Hacker News new | ask | show | jobs
by pascal_cuoq 2250 days ago
One concrete reason why “unspecified” means “anything and not always the same thing” is to enable the maximum of optimizations.

Write a function c that compares pointers in a compilation unit, and in another compilation using, define:

    int a, b;
    X1 = (&a == &b + 1);
    X2 = c(&a, &b + 1);
The compiler can optimize the computation of X1 on the basis that comparing an offset of &a to an offset of &b will always:

  - be false
  - or invoke undefined behavior
  - or be unspecified
But the optimization will not apply to the computation of X2, so the two variables X1 and X2 can receive different values when you execute this example, although they appear to compute the same thing.
1 comments

I get why unspecified means that and it’s good to know what the limit is for applying an optimisation, but I was asking about why the specific comparison of “one past the end” with the beginning of another being unspecified would be useful. It’s cool you can optimise it out, but what does a compiler gain from being able to do that?
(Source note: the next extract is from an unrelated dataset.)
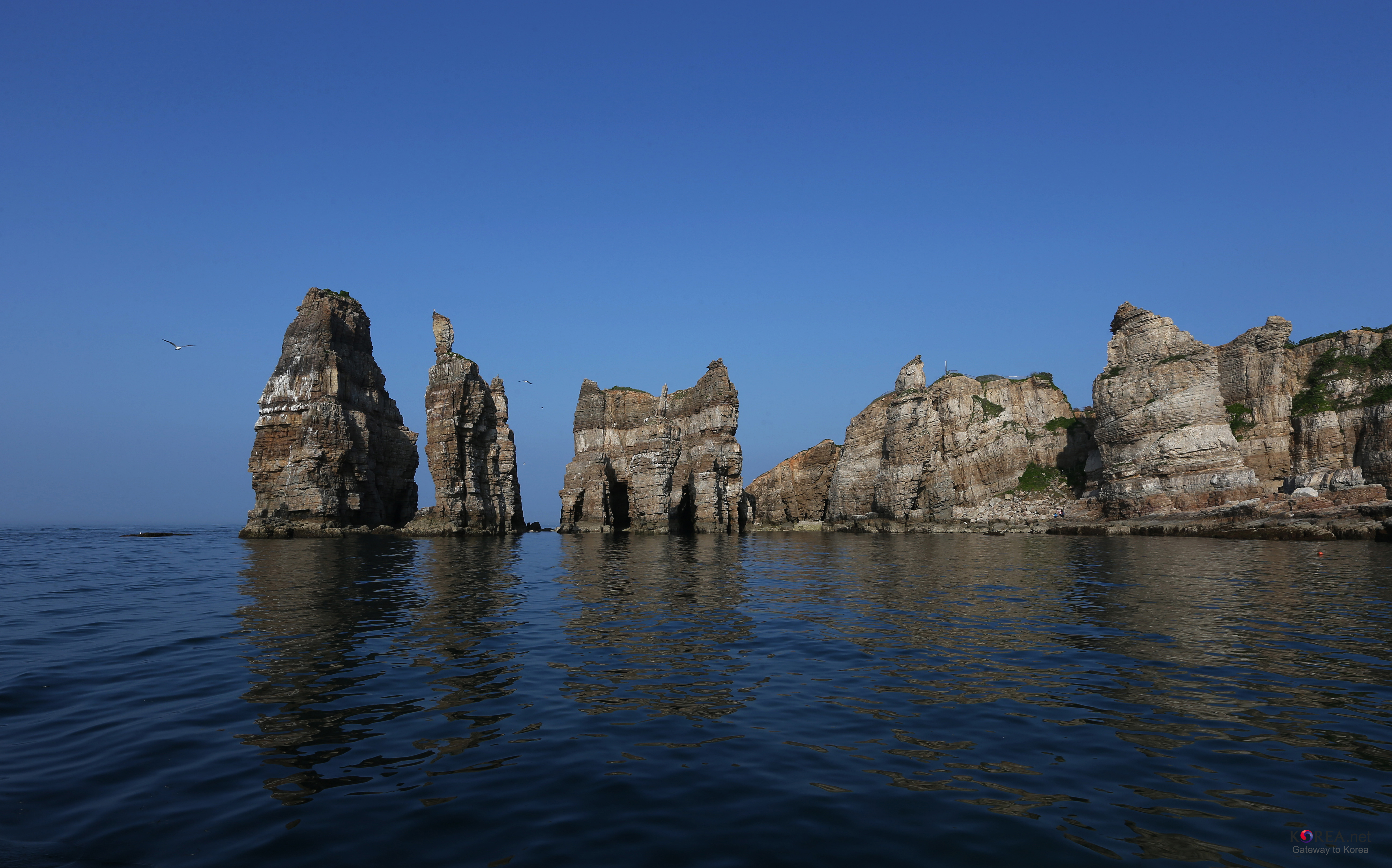 Baengnyeong Island - Korea’s northernmost point in the Yellow Sea.

Imagine a standard stated that > and < character comparisons involving '%' were unspecified. Why would this be good? It wouldn’t, so it’s not in any standard. But specifically it wouldn’t because (a) nobody writes ch < '%', and (b) if they did, compilers couldn’t make programs any faster, more portable, etc, because of its inclusion.
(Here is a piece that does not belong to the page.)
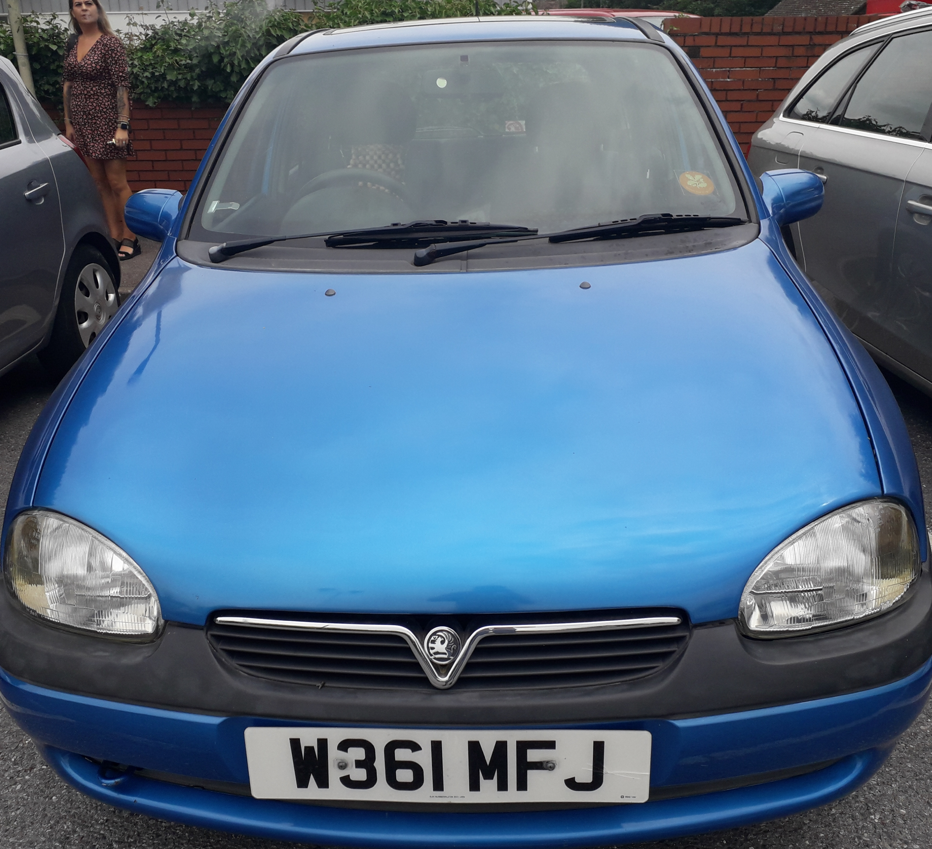 Vauxhall Corsa

I guessed above that this is kinda like having hashmaps iterate in a random order: compilers do spooky things when you try to check whether two allocas/mallocs are adjacent, so don’t do it. Is that accurate? Or does it mean that compilers can move things around on the stack if they want, without worrying about updating the registers or locations that store the pointers, i.e. this is mainly to make compilers easier to write? If it’s that, I imagine I would want some other pointer comparisons on the list. The reason it’s in there is what I wanted you to shed some light on.

Oh, that was your question. In this case, the reason why &a + 1 == &b is unspecified is that:

- it's generally false—there is no reason for b to be just after a in memory, so these two addresses compare different.

- it is sometimes true: when addresses are implemented as integers, and compilers use exactly sizeof(T) bytes to represent an object of type T, and do not waste precious integers by leaving gaps between objects, and == between pointers is implemented as the assembly instruction that compares integers, sometimes that instruction produces true for &a + 1 == &b, because b was placed just after a in memory.

In short, &a + 1 == &b was made unspecified so that compilers could implement pointer == by the integer equality instruction, and could place objects in memory without having to leave gaps between them. Anything more specific (such as “&a + 1 == &b is always false”) would have forced compilers to take additional measures against providing the wrong answer.